## Directions
Retype word for word the first line of the listing and each line after it up to the line with "联影医疗:融资净偿还685.41万元,融资余额10.71亿元(12-22)", with the pictures taken out.

- - -

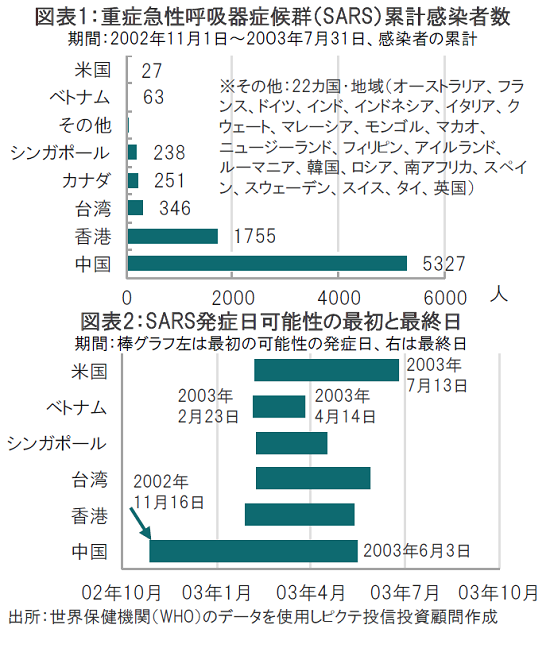 中国武漢市で発生した新型肺炎は、人から人への感染が確認されたこと、米国でも感染が確認されたことで感染者の拡大が懸念されています。2002年に中国で発生したコロナウイルスの一種であるSARS(重症急性呼吸器症候群)が世界約30ヵ国で拡大しました(図表1参照)。単純に同じパターンを繰り返すわけではないにしろ、感染者数が多かったSARSを振り返ります。
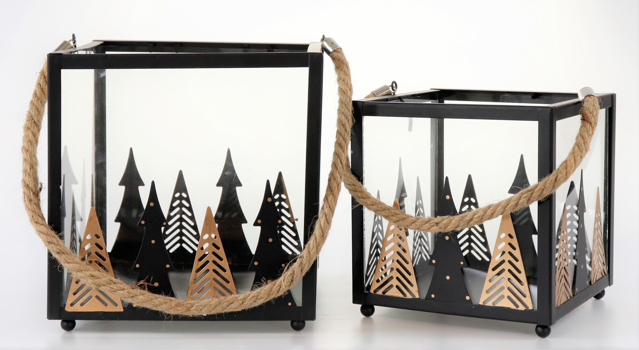 Las linternas "Bosque de invierno" se caracterizan por su diseño minimalista pero impactante. La estructura metálica negra confiere a los farolillos una elegancia atemporal, mientras que los elementos de cristal realzan el suave parpadeo de las velas para crear una atmósfera cálida y acogedora. Estas características los convierten en un producto complementario perfecto para los minoristas de hogar y estilo de vida que deseen ofrecer a sus clientes acentos de estilo para sus decoraciones navideñas.
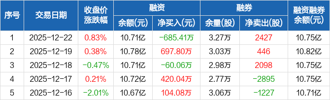 联影医疗:融资净偿还685.41万元,融资余额10.71亿元(12-22)
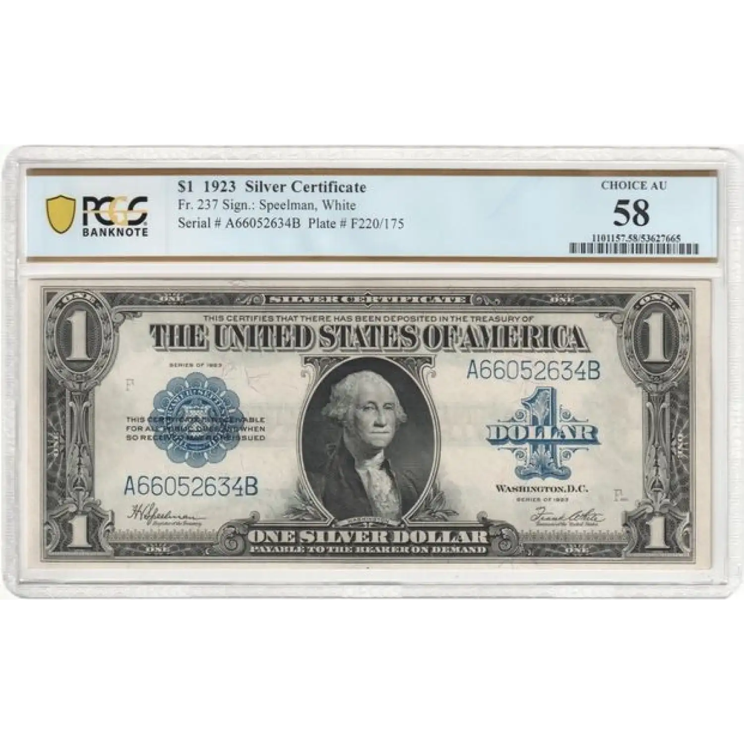 1923 "Horse Blanket" $1 Silver Certificate FR#237 PCGS Banknote AU 58
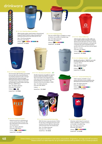 conference & exhibition drinkware48 Unless stated, prices include personalisation in one colour, one position. Origination, carriage and VAT are extra.Please contact our sales team for an up to date and accurate quotation on your chosen products.%uf0ec%u000948-26072 Universal TumblerPerfect for any hot or cold drink and can be used any day of the year. BPA free, dishwasher and microwave safe. UK manufactured.Size: 155 x 90mm diameterPrint area: 240 x 80mmColours: %uf0a2%uf0a2%uf0a2%uf0a2%uf0a2%uf0a2%uf0a2%uf0a2%uf0a2%uf0a2Guide Price: 100 %u00a33.25%uf0ec%u000948-28490 Universal Full Colour MugWith full colour wrap around print. Perfect for any hot or cold drink and can be used any day of the year. BPA free, dishwasher and microwave safe. UK manufactured.Size: 155 x 90mm diameterPrint area: 241 x 126mmGuide Price: 100 %u00a34.30%uf0ec%u000948-34048 Challenger TumblerAttractive, stylish shape for maximum impact. Available in a range of colours, as a tumbler or handled mug.Size: 180 x 90mm diameterPrint area: 240 x 40mmColours: %uf0a2%uf0a2%uf0a2%uf0a2%uf0a2%uf0a2%uf0a2%uf0a2%uf0a2Guide Price: 100 %u00a32.99%uf0e7%u000948-34051 Universal Vending Cup320ml capacity. Available in many colours and with an array of different lids. Manufactured and decorated in the UK.Size: 120 x 90mm diameterPrint area: 200 x 40mmColours: %uf0a2%uf0a2%uf0a2%uf0a2%uf0a2%uf0a2%uf0a2%uf0a2%uf0a2%uf0a2Guide Price: 100 %u00a32.45%uf0ec%u000948-34049 Challenger MugThis new, stylish shape is available in a range of colours, as a tumbler or handled mug.Size: 163 x 90mm diameterPrint area: 240 x 40mmColours: %uf0a2%uf0a2%uf0a2%uf0a2%uf0a2%uf0a2%uf0a2%uf0a2%uf0a2Guide Price: 100 %u00a33.30%uf0ec%u000948-18684 Polo Plus 400ml Travel Mug400ml double walled, solid AS plastic coloured travel mug with black PP plastic inner, screw on lid and matching coloured sip cover. BPA and PVC free.Size: 170 x 87mm diameterPrint area: 170 x 45mmColours: %uf0a2%uf0a2%uf0a2%uf0a2%uf0a2%uf0a2%uf0a2%uf0a2%uf0a2%uf0a2%uf0a2%uf0a2%uf0a2Guide Price: 50 %u00a34.25%uf0ec%u000948-38102 Bio Universal TumblerThe Bio Universal is recyclable. It's special because unlike other plastics it breaks down much faster. Once disposed of, in a few years it becomes food for microbes leaving behind no microplastic. The Pantone of the lid and tumbler is 7499C.Size: 155 x 90mm diameterPrint area: 240 x 80mmColours: %uf0a2Guide Price: 100 %u00a33.65%uf0ec%u000948-43641 Metro Coffee Cup350ml double-walled, reusable coffee cup that is highly durable and great for keeping drinks hot and safe when on-the-go. A great choice for brands looking for a message with a long-life span with its backdrop being a product that will be used time and time again.Size: 91 x 131mmPrint area: 210 x 80mmColours: %uf0a2%uf0a2%uf0a2%uf0a2%uf0a2%uf0a2%uf0a2%uf0a2%uf0a2%uf0a2Guide Price: 100 %u00a33.60%uf0ec%u000948-44759 Cirrus 350ml TumblerThe innovative 360%u00b0 lid allows you to drink from any side of the cup and enhances any drinking experience with a stronger aroma from your chosen beverage. Both the lid and vessel are made of fully recyclable plastics. Enjoy your favourite hot beverages in both comfort and style. PP Plastic, MDPE Plastic.Size: 130 x 86mm diameterPrint area: 210 x 45mmColours: %uf0a2%uf0a2%uf0a2%uf0a2Guide Price: 100 %u00a32.60%uf0eb%u000948-44760 BeiBaku TumblerDouble wall tumbler in 100% PLA corn with PP drinking lid with inner TPR. Leak free. Capacity: 350 ml.Size: 140 x 85mm diameterPrint area: 270 x 114mmColours: %uf0a2%uf0a2%uf0a2%uf0a2Guide Price: 50 %u00a39.45
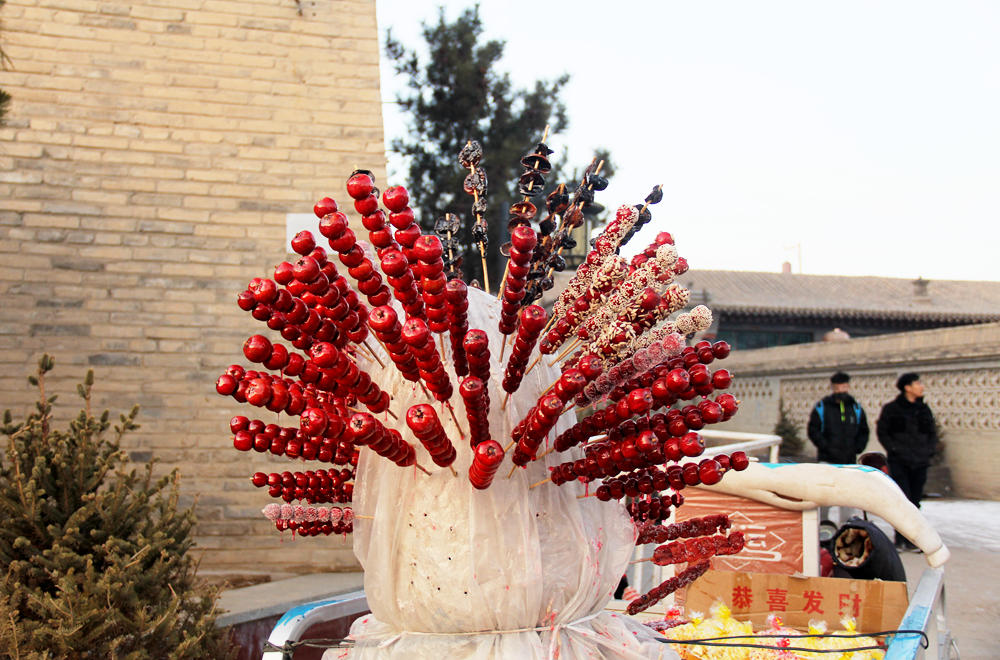 来到暖泉,当然要品尝一下当地的小吃,暖泉的风味小吃独具特色,黄糕、糊糊面、粉坨、豆腐干、辣椒油、糖大饼等远近闻名,令人食指大动。吃饱喝足,继续穿梭于古堡的大街小巷。可能由于天气太冷的缘故门厅有些冷落,食客寥寥无几,也可能是一些凉粉类的食物不适合这个季节,我们找了一家店面点了几样砂锅还有当地特色的土豆饼、豆干、骡子肉等,感觉口味还不错,怕耽误了打树花演出我们吃完饭就出发前往打树花广场了。

- - -

## Response area
 中国武漢市で発生した新型肺炎は、人から人への感染が確認されたこと、米国でも感染が確認されたことで感染者の拡大が懸念されています。2002年に中国で発生したコロナウイルスの一種であるSARS(重症急性呼吸器症候群)が世界約30ヵ国で拡大しました(図表1参照)。単純に同じパターンを繰り返すわけではないにしろ、感染者数が多かったSARSを振り返ります。
 Las linternas "Bosque de invierno" se caracterizan por su diseño minimalista pero impactante. La estructura metálica negra confiere a los farolillos una elegancia atemporal, mientras que los elementos de cristal realzan el suave parpadeo de las velas para crear una atmósfera cálida y acogedora. Estas características los convierten en un producto complementario perfecto para los minoristas de hogar y estilo de vida que deseen ofrecer a sus clientes acentos de estilo para sus decoraciones navideñas.
 联影医疗:融资净偿还685.41万元,融资余额10.71亿元(12-22)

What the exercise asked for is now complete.